Coming out of quarantine

Getting out of such arbitrarily imposed quarantine and never getting back into one was what mattered to him. It helped to clear his head, to think and act freely. He consistently avoided conscription, refused any chance of advancement in the Wehrmacht and supported the Scholl family when Hans and Sophie, with whom he was close friends, were convicted and executed in 1943 for their membership of the “White Rose” resistance movement. At the beginning of 1945 he deserted and went into hiding with the Scholls in Ewattingen. A reorganisation of Germany in the spirit of Hans and Sophie became his life’s work. No sooner had the war ended than Otl Aicher founded the Ulm Adult Education Centre in 1946 together with his future wife Inge Scholl, the eldest sister of Hans and Sophie. A few years later, in 1953, they were both instrumental in founding the Ulm School of Design.
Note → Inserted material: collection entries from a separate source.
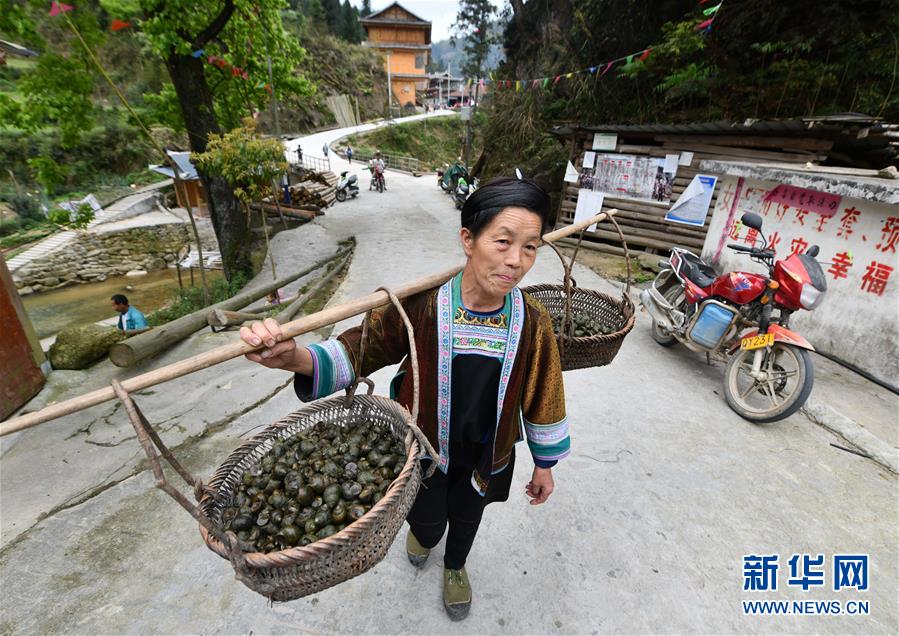 3月25日,在桂黔烏英苗寨,村民將螺苗挑往稻田,準(zhǔn)備投放。新華社記者黃孝邦攝
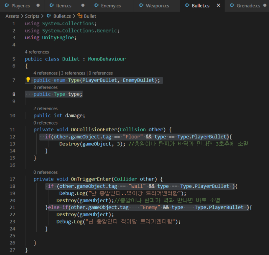 - Bullet 스크립트에서 enum Tpye 을 추가하여 플레이어총알과, 적총알 2개로 나뉘게 만듬
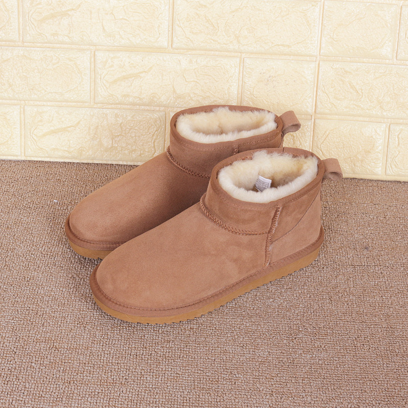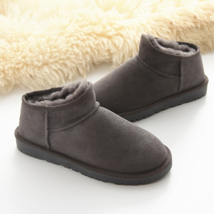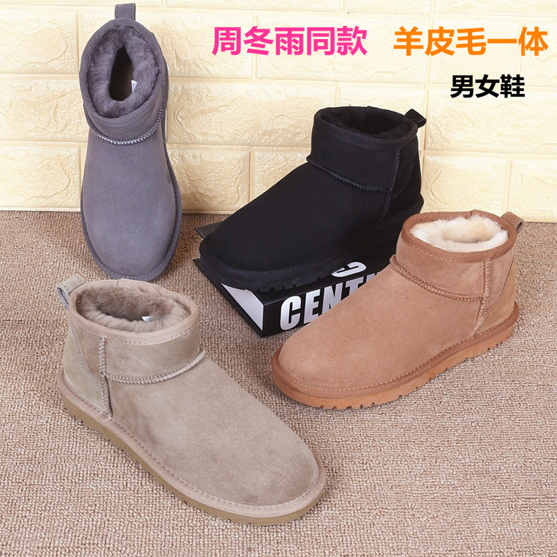 Sheepskin and fur snow boots men's low-top thickened warm pure wool slip-on women's cotton shoes winter bread shoes

What seems logical in retrospect had to be painstakingly thought out, fought for, shaped and suffered for step by step.

Here someone thinks for himself

Otl Aicher, who was born on 13 May 1922 in Ulm and died on 1 September 1991 in Günzburg, Bavaria, always had an impact through texts that he wrote in lower case for practical reasons. Whoever reads them today, regardless of the subject, gets the impression: Here is someone at work who is not impressed by what is usually considered correct and right. Here, someone is thinking for himself, checking out for himself what makes sense to him, what is at stake, what leads on. From the point of view of those who conformed, so much uncomfortableness must have seemed stubborn, even eccentric. For example: in 1984, when the automobile turned one hundred, Aicher wrote a “difficult defence of the car against its worshippers”. Although he was one himself, he criticised the ideology that shaped the car in design, but also in society – from the cd value as the “measure of windiness” to chrome as the “halo of cars” and top speed as the “main argument of automobile advertising”.
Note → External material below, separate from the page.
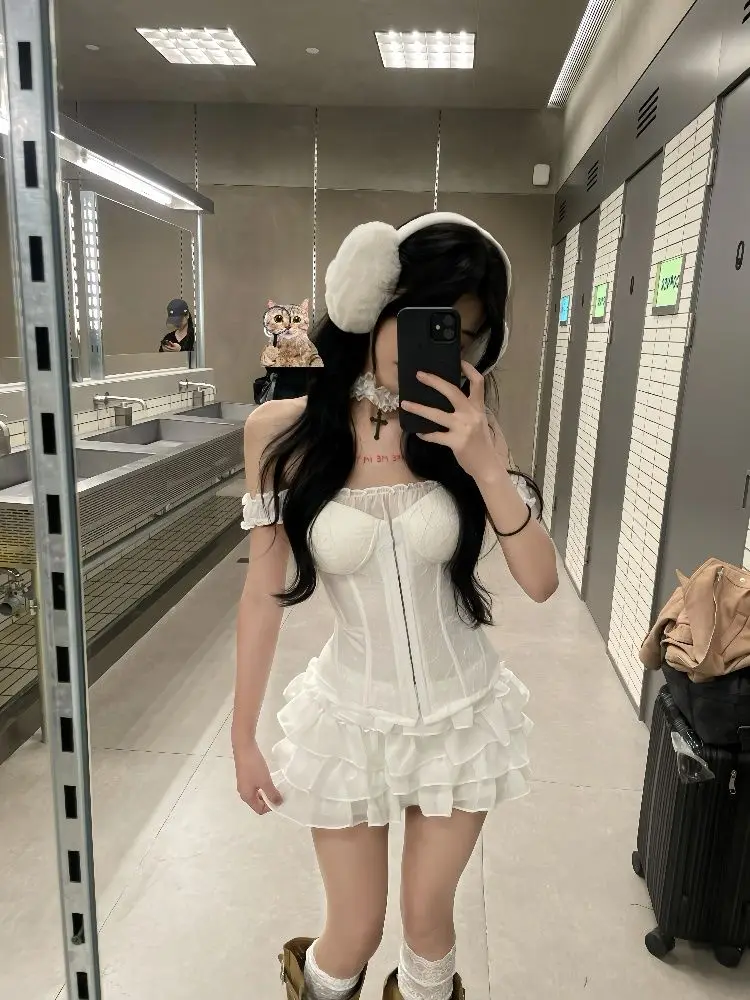 KYLETHOMASW - Women Sexy Two Piece Set Corset Top and Layered Ruffle Mini Skirt Slim Fit Suit Gothic Lolita Style Club Night Summer Outfit New
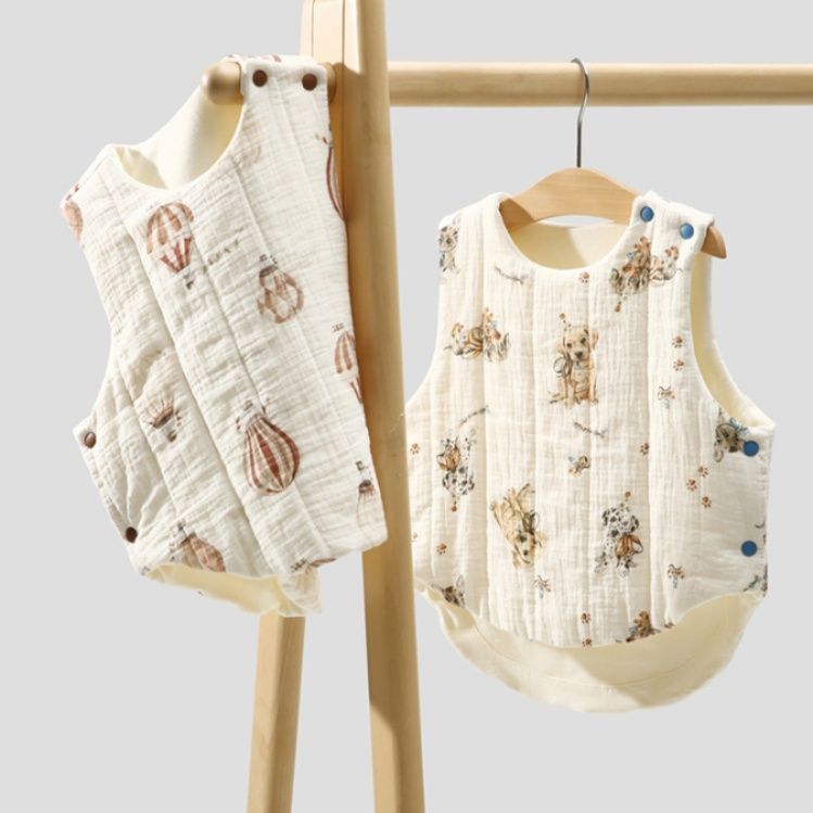 袖なしのベスト型デザインで動きやすさと防寒性を両立した110cmのスリーパーです。

Taking care of the car as a car

For him, too, the car “undeniably has its merits”, but it also causes a lot of problems. His analysis anticipates much of what is beginning to happen today. The change begins with the bank employee “who stays at home, looks after his children” – and usually leaves his car in the garage because he prefers to ride his bike for peace of mind. Aicher ironically points out the consequences that threaten:

“the automobile industry could stagnate, and if several people thought and acted like that, the industry would shrink. it wouldn’t necessarily mean giving up cars if you let the need for top speed degenerate, but it would mean that you could cope with weaker cars, with smaller cars, whose values and dimensions are determined by common sense and not by pent-up aggression. you would drive it less often and use it like any other normal cultural asset.”

This is typical of Aicher’s idea of design: taking things and using them as they are, free of all ideological fetters. From which it follows: “anyone who cares about the car as a car is a designer. anyone who cares about its association is a stylist. you can build a car so that it is a real car, or you can build it so that it refers to something.”
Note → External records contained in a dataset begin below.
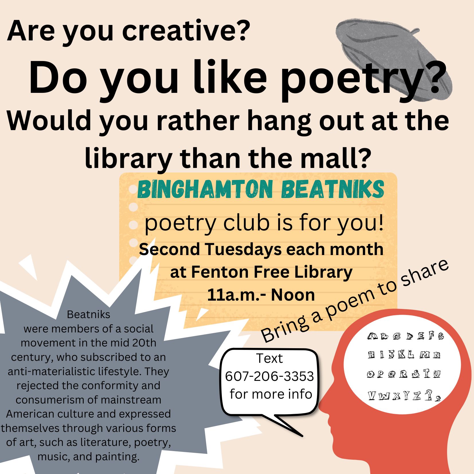 Merrill and Suzanne met decades ago in Binghamton, where Suzanne grew up and where Merrill re-located for graduate school and then settled. Merrill grew up in New York City and Suzanne has lived in that area for over thirty years. Their mirrored biographies drew together a fun mix of people in attendance, including Merrill’s Grapevine poet-friends and some of Suzanne’s high school classmates. We filled the Artisan Gallery at the Broome County Arts Council, commandeering extra chairs as needed. Bonus: In addition to poetry, we enjoyed the BCAC Members’ Juried Exhibition on display this month.
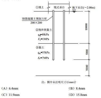 某软土地基上多层建筑,采用减沉复合疏桩基础,筏板平面尺寸为35mX10m,承台底设置钢筋混凝土预制方桩共计102根,桩截面尺寸为200mmX 200mm,...
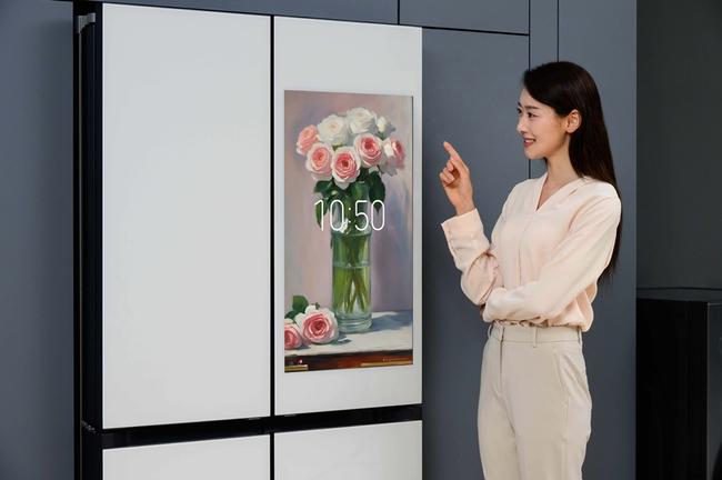 삼성전자 모델이 `비스포크 AI 패밀리허브` 냉장고의 `생성형 배경 화면`을 소개하고 있다.
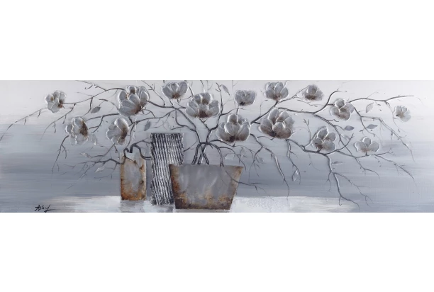 Ručne maľovaný obraz olejom s motívom dekoratívneho zátišia s vetvičkami zaujme svojou krásou, bohatými detailmi, plastickosťou a originalitou. Každý obraz je jedinečný vďaka ručnému spracovaniu umelca, ktorý prejavuje svoju kreativitu a citlivosť vo všetkých krokoch maľovania. Olejomaľba o rozmere 120×40 cm sa môže stať centrálnym bodom miestnosti nad gaučom, dokáže navodiť útulné prostredie v spálni, na stene v jedálni alebo na chodbe vie pritiahnuť pozornosť návštev a vytvoriť príjemnú atmosféru. Nástenná dekorácia sa ľahko prispôsobí rôznym štýlom bývania, kde bude vyzerať skutočne pôsobivo.
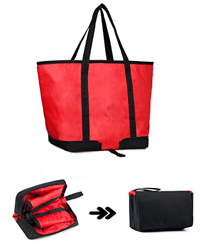 XMBEDERT Reusable Grocery Bag Insulated Cooler Bag Tote Large Shopping Bag for Picnic, Outdoor, BBQ, Sports Event, Red
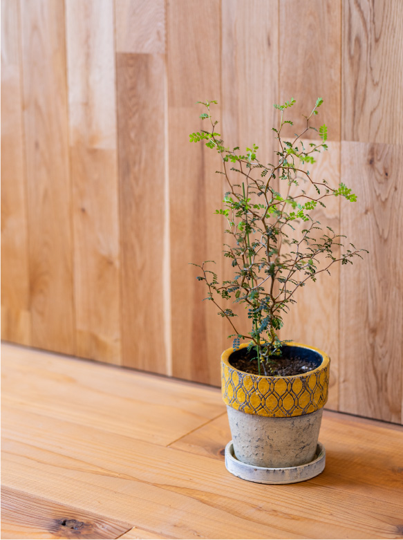 壁や床、断熱材、塗料、接着剤など、家をつくるための素材には目に見えるものから見えないものまでさまざまあり、中には人工的な素材や人体に有害なものも数多く存在します。私たちは表面的な見栄えや価格といった目先のことにとらわれず、時が経つほどに味わいが増し、いつまでも心地よく暮らせる自然素材を使った家づくりをしています。

Brands, logos, corporate design and more

Co-founder of a university, teacher, author, communication designer, typographer, pugnacious spirit – Otl Aicher was so versatile and realised so many projects that it is not even possible to list them all here. One thing is certain: he helped shape the public image of the Federal Republic of Germany through the corporate design of many well-known brands. And yet he stands for much more than the logos and corporate designs of companies such as Braun, Bulthaup, Erco, FSB, Lufthansa, Sparkasse and ZDF. Two projects stand out: the founding of the Ulm School of Design together with his wife Inge Scholl-Aicher and his commitment there; and the corporate design of the 1972 Olympic Games in Munich. “you can make politics with colours”, Aicher once said when he was working on the image of the Olympics. The colours he chose were deliberately not those of power. This is one reason why his design, in combination with Günter Behnisch’s circus tent architecture, succeeded in creating a serene atmosphere in Munich. The appearance (including the mascot “Olympia Waldi”) was so concise, so colourful and so memorable that its graphics became a sign of the dynamism of a new era.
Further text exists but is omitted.